Task: Return all of the data exactly, with nothing left out but the pictures.

Data segment:
╔══

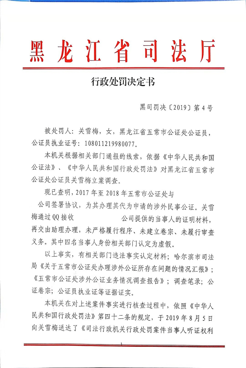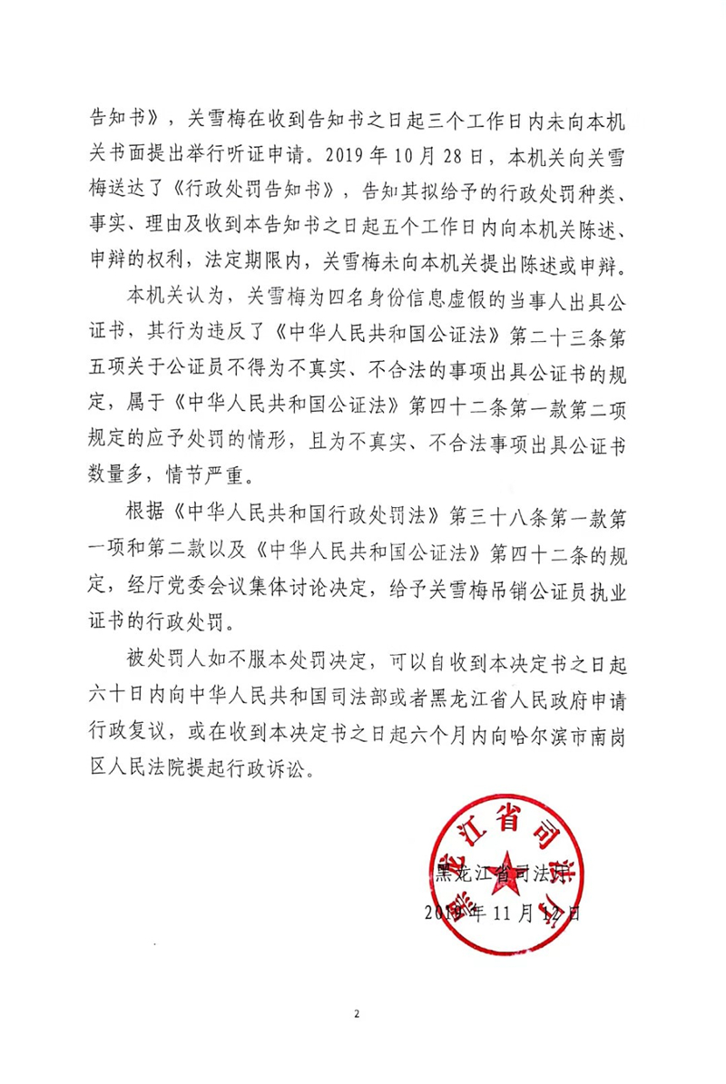 黑龙江公证员关雪梅因为不真实、不合法事项出具公证书受吊销公证员执业证书处罚
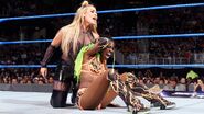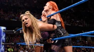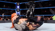 In this first-ever tag team match, SmackDown Women's Champion Naomi paired up with Becky Lynch to take on the woman who will challenge Naomi for the title at SummerSlam, Natalya, and Ms. Money in the Bank, Carmella.
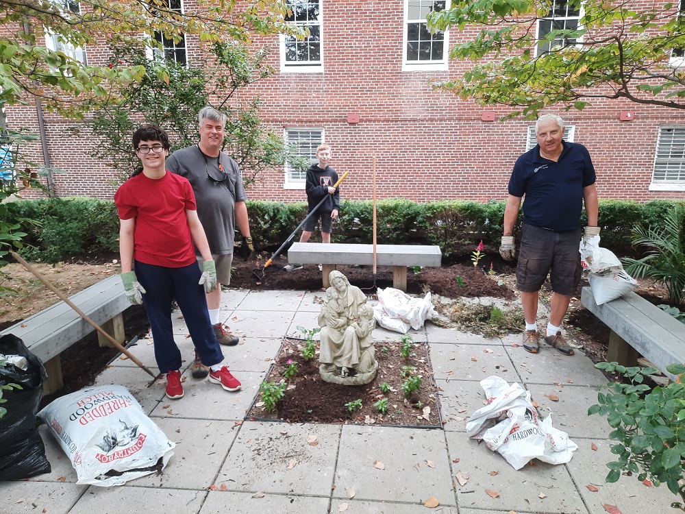 October 9, 2021, Knights, a Knight's spouse, Boy Scouts, and Scouters teamed up today to finished the mulch work at St. John the Evangelist Church and rectory. Another great effort.

╚══

Answer for the task:
 黑龙江公证员关雪梅因为不真实、不合法事项出具公证书受吊销公证员执业证书处罚
 In this first-ever tag team match, SmackDown Women's Champion Naomi paired up with Becky Lynch to take on the woman who will challenge Naomi for the title at SummerSlam, Natalya, and Ms. Money in the Bank, Carmella.
 October 9, 2021, Knights, a Knight's spouse, Boy Scouts, and Scouters teamed up today to finished the mulch work at St. John the Evangelist Church and rectory. Another great effort.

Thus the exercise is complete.